● **Exercise**:
Set the data below down again, exactly, with every picture left out.

==================================================

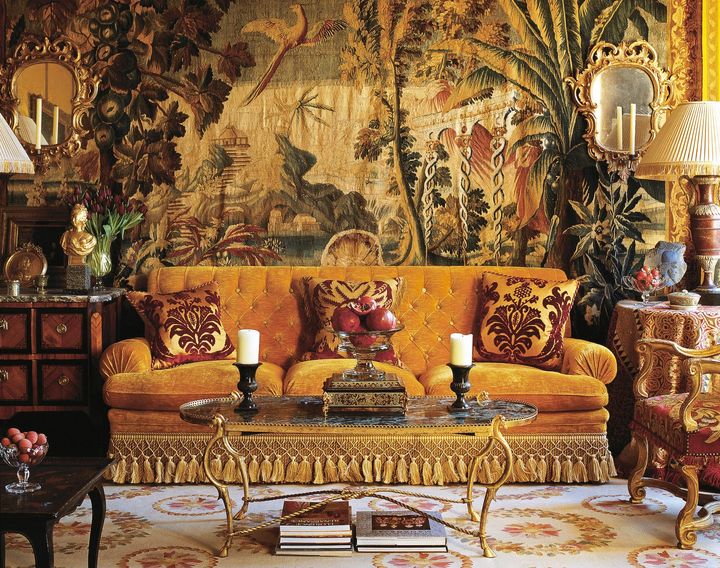 部屋をデザインする際、彼はソファや椅子の生地を新調することはあっても、テーブルクロスにはあえてアンティークの布を調達するという。「そうすることで、部屋の格調が一気に高まるんです。何世代にもわたって受け継がれ、長い年月をかけて作り上げられてきたような、深みのある空間が生まれます。ほんの数枚でいいのです。アンティークのテキスタイルを取り入れるだけで実現できます。しかも、大した手間をかけることなくね」
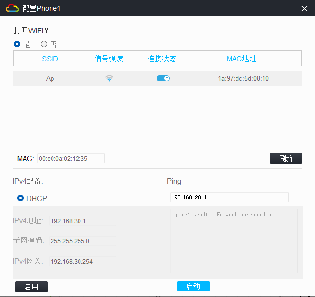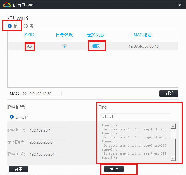无线终端成功获取VLAN 30地址,并可访问内网(1.1.1.1)及模拟外网(112.0.0.254)。
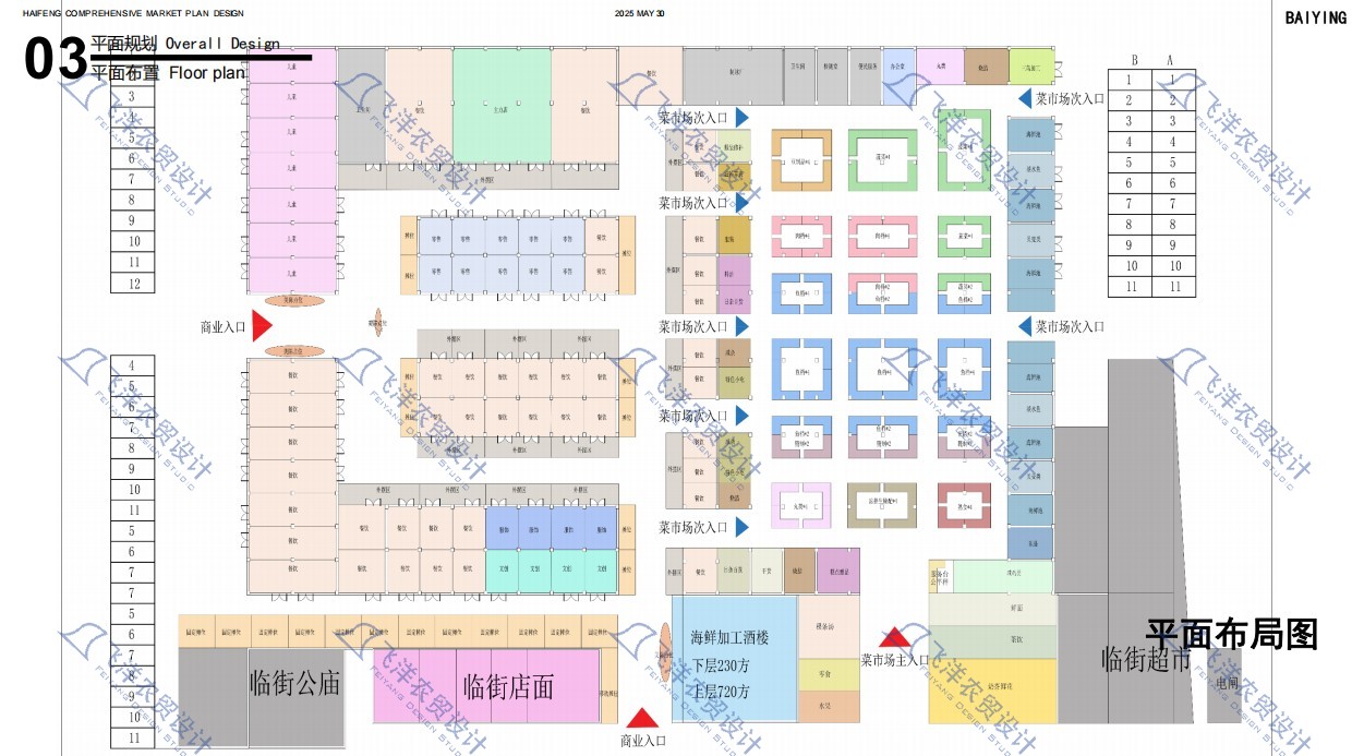 總結:一套科學的動線系統,能顯著提升坪效,降低運營管理成本,并為未來的業態調整預留可能。飛洋設計的布局方案,始終服務于一個目標:讓買賣雙方,都在更輕松、更高效、更安全的空間里,感受真正的市井生機。
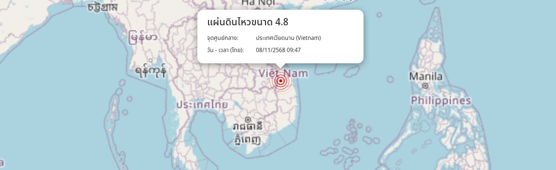 แผ่นดินไหว ประเทศเวียดนาม (Vietnam) ขนาด 4.8
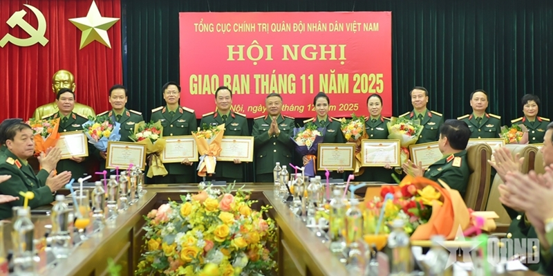 越南人民军总政治局领导向模范集体和个人颁发奖状(图片来源:人民军队报) |
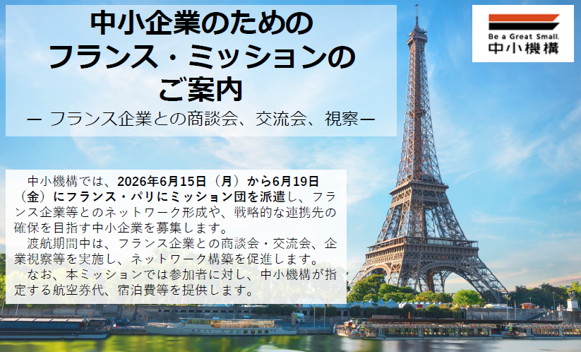 中小機構では、2026年6月15日(月)から6月19日(金)にフランス・パリにミッション団を派遣し、フランス企業等とのネットワーク形成や、戦略的な連携先の確保を目指す中小企業を募集します。
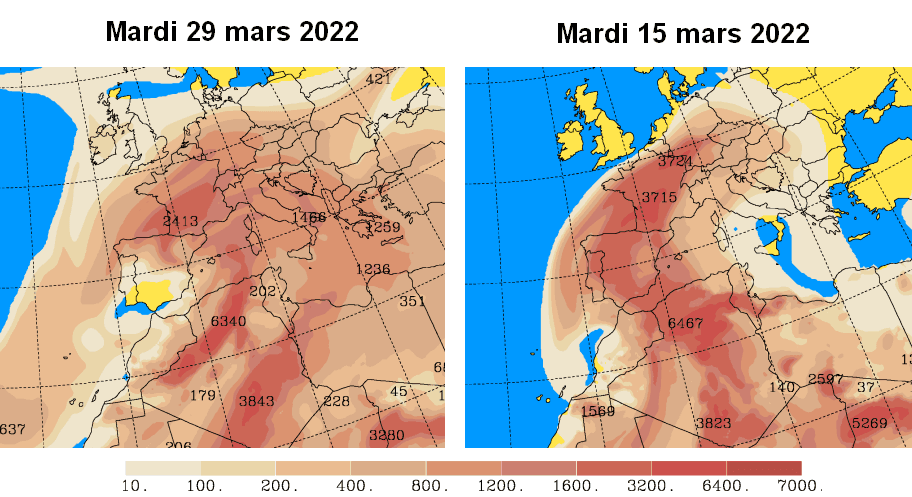 Outre la fréquence exceptionnelle des remontées de sable saharien, cette année 2022 a aussi été marquée par des épisodes d'intensité remarquable. Le mois de mars 2022 avait été exceptionnel avec deux épisodes aux concentrations de sable remarquables, au milieu puis à la fin du mois. Comme le montre ces cartes, les concentrations étaient nettement plus importantes que celles qui vont nous concerner cette semaine.
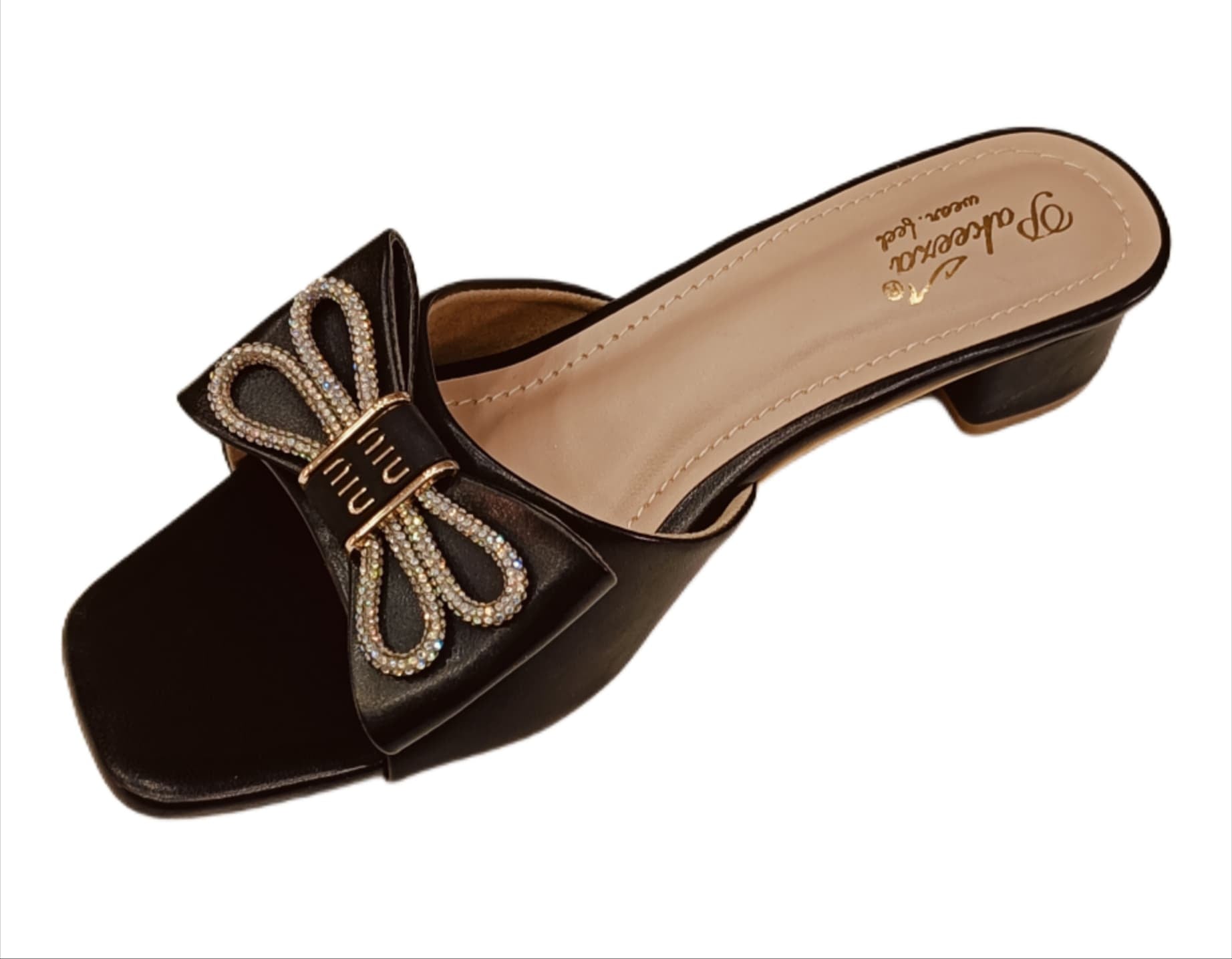 Add a touch of elegance to your footwear collection with these stylish bow-embellished mules, available in both dusty pink and classic black. Designed with a refined square-toe silhouette, these slip-on heels feature a beautifully crafted satin-finish bow adorned with sparkling crystal embellishments and a metallic "Miu Miu" accent centerpiece. The soft cushioned insole and low block heel offer comfort without compromising on glamour, making them perfect for festive events, evening outings, or classy daywear.
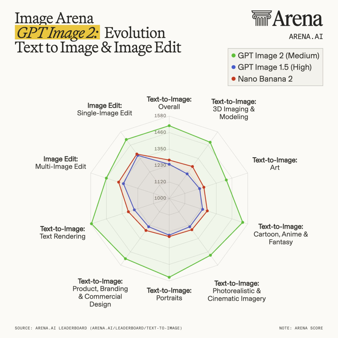 在Arena最新榜单中,Images 2.0一骑绝尘,登顶全球AI生图王座。实力暴击谷歌Nano Banana 2/Pro版本,领先242分。
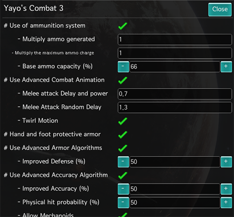 https://github.com/rimworldYayo/Yayo-s-Combat/wiki/
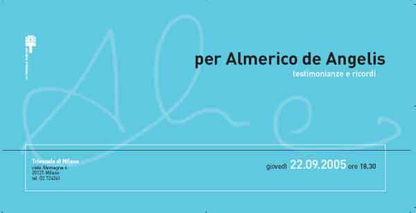 Un incontro per ricordare Almerico de Angelis (24 gennaio 1944 - 1 agosto 2005), prematuramente scomparso lo scorso agosto, architetto, titolare della cattedra di design al Politecnico di Milano, dal 1996 direttore della rivista "MODO", fondatore nel 1992 con Alessandro Mendini della Piccola scuola, ma anche consulente di aziende leader nell'ambito del design, Presidente della Camera Italiana per il Design, della società di promozione del Design DAA 1 e Art Director delle Giornate Napoletane del Design.
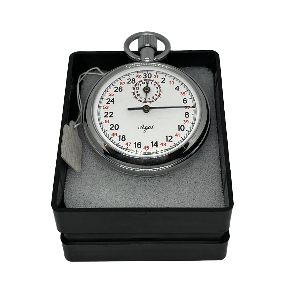 - Модель оснащена 30-секундной шкалой с ценой деления 0,1 сек. и 15-минутным счетчиком с ценой деления 1 мин. Высокая точность измерений обеспечивается за счет оснащения колебательной системой «баланс-спираль», обычно используемой в карманных часах, с периодом колебания 0,4 секунды. Продолжительность работы механизма после полного завода пружины составляет не менее 18 часов.

==================================================

● **Result of the task**:
 部屋をデザインする際、彼はソファや椅子の生地を新調することはあっても、テーブルクロスにはあえてアンティークの布を調達するという。「そうすることで、部屋の格調が一気に高まるんです。何世代にもわたって受け継がれ、長い年月をかけて作り上げられてきたような、深みのある空間が生まれます。ほんの数枚でいいのです。アンティークのテキスタイルを取り入れるだけで実現できます。しかも、大した手間をかけることなくね」
无线终端成功获取VLAN 30地址,并可访问内网(1.1.1.1)及模拟外网(112.0.0.254)。
 總結:一套科學的動線系統,能顯著提升坪效,降低運營管理成本,并為未來的業態調整預留可能。飛洋設計的布局方案,始終服務于一個目標:讓買賣雙方,都在更輕松、更高效、更安全的空間里,感受真正的市井生機。
 แผ่นดินไหว ประเทศเวียดนาม (Vietnam) ขนาด 4.8
 越南人民军总政治局领导向模范集体和个人颁发奖状(图片来源:人民军队报) |
 中小機構では、2026年6月15日(月)から6月19日(金)にフランス・パリにミッション団を派遣し、フランス企業等とのネットワーク形成や、戦略的な連携先の確保を目指す中小企業を募集します。
 Outre la fréquence exceptionnelle des remontées de sable saharien, cette année 2022 a aussi été marquée par des épisodes d'intensité remarquable. Le mois de mars 2022 avait été exceptionnel avec deux épisodes aux concentrations de sable remarquables, au milieu puis à la fin du mois. Comme le montre ces cartes, les concentrations étaient nettement plus importantes que celles qui vont nous concerner cette semaine.
 Add a touch of elegance to your footwear collection with these stylish bow-embellished mules, available in both dusty pink and classic black. Designed with a refined square-toe silhouette, these slip-on heels feature a beautifully crafted satin-finish bow adorned with sparkling crystal embellishments and a metallic "Miu Miu" accent centerpiece. The soft cushioned insole and low block heel offer comfort without compromising on glamour, making them perfect for festive events, evening outings, or classy daywear.
 在Arena最新榜单中,Images 2.0一骑绝尘,登顶全球AI生图王座。实力暴击谷歌Nano Banana 2/Pro版本,领先242分。
 https://github.com/rimworldYayo/Yayo-s-Combat/wiki/
 Un incontro per ricordare Almerico de Angelis (24 gennaio 1944 - 1 agosto 2005), prematuramente scomparso lo scorso agosto, architetto, titolare della cattedra di design al Politecnico di Milano, dal 1996 direttore della rivista "MODO", fondatore nel 1992 con Alessandro Mendini della Piccola scuola, ma anche consulente di aziende leader nell'ambito del design, Presidente della Camera Italiana per il Design, della società di promozione del Design DAA 1 e Art Director delle Giornate Napoletane del Design.
 - Модель оснащена 30-секундной шкалой с ценой деления 0,1 сек. и 15-минутным счетчиком с ценой деления 1 мин. Высокая точность измерений обеспечивается за счет оснащения колебательной системой «баланс-спираль», обычно используемой в карманных часах, с периодом колебания 0,4 секунды. Продолжительность работы механизма после полного завода пружины составляет не менее 18 часов.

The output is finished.